The sailboat that thought it was a submarine
In my late teens, I purchased a small sailboat from a neighbor. However, because of a bad design of the joint between the hull and he deck, it had a nasty tendency to take on water.
The sailboat was fiberglass using wood for some of the internal structure. That was a fairly typical design at the time. The problem was that over time, the fiberglass at the joint between the hull and deck cracked. The result was that as you were sailing, one side was generally ‘wet’. The water would be gradually absorbed into the wood and then fill the space between the hull and deck.
When you gained enough water, the sailing characteristics began to take on all the grace of a drunken overweight elephant. At some point, the bow would go through a wave and not come back up. I had to sail with the deck awash.
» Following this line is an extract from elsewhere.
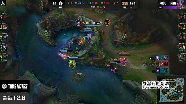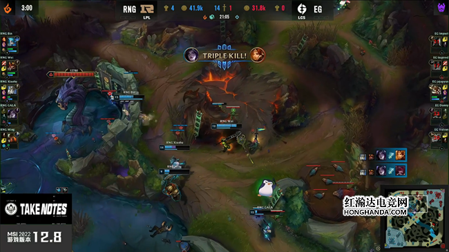 2022 MSI季中冠军赛半决赛首场对决由RNG战队对阵EG战队,这是RNG队史第一次在国际赛事BO5中面对北美战队。上一次LPL在BO5中对阵LCS赛区还要追溯到2019MSI半决赛,IG战队1:3不敌TL。有了前车之鉴的RNG整体的发挥都更加稳健,虽然在二三局里有一些细小的个人失误,但他们还是凭借更强的团队配合和运营决策3:0击败EG,队史第三次挺进MSI决赛!

With any luck, there would be an island within a half mile or so. I could then sail to the island and drag the boat up. Undoing the drain plug in the stern would let out about 20 gallons of water or so. At that point, it was best to head back home since the wood would be saturated and the rate of water intake would be drastically increased.
Even so, I would sail her across the bay from North Beach Haven to West Creek and, thankfully, back.
One time, a friend and I decided to sail to West Creek. We threw a six pack of Heineken and ice into the cockpit and started sailing. As time went on, the sailing characteristics decreased. It wasn’t the warmest day and we were both starting to shiver. We had a couple of peanut butter bars and ate those hoping that would give us enough energy to warm up a little. (of course, the cold beer we had didn’t help). It took a while to come about at West Creek for the sail home. The boat was handling like a blind stoned pig and with the low tide we were running aground. That necessitated raising the centerboard which made handling even worse. We finally got headed in the right direction and sailed home…. It took longer to get home because we had to make about 3 stops to drain the hull.
Given the sailing characteristics of that boat, I named her “Wahoo” after a WWII Submarine.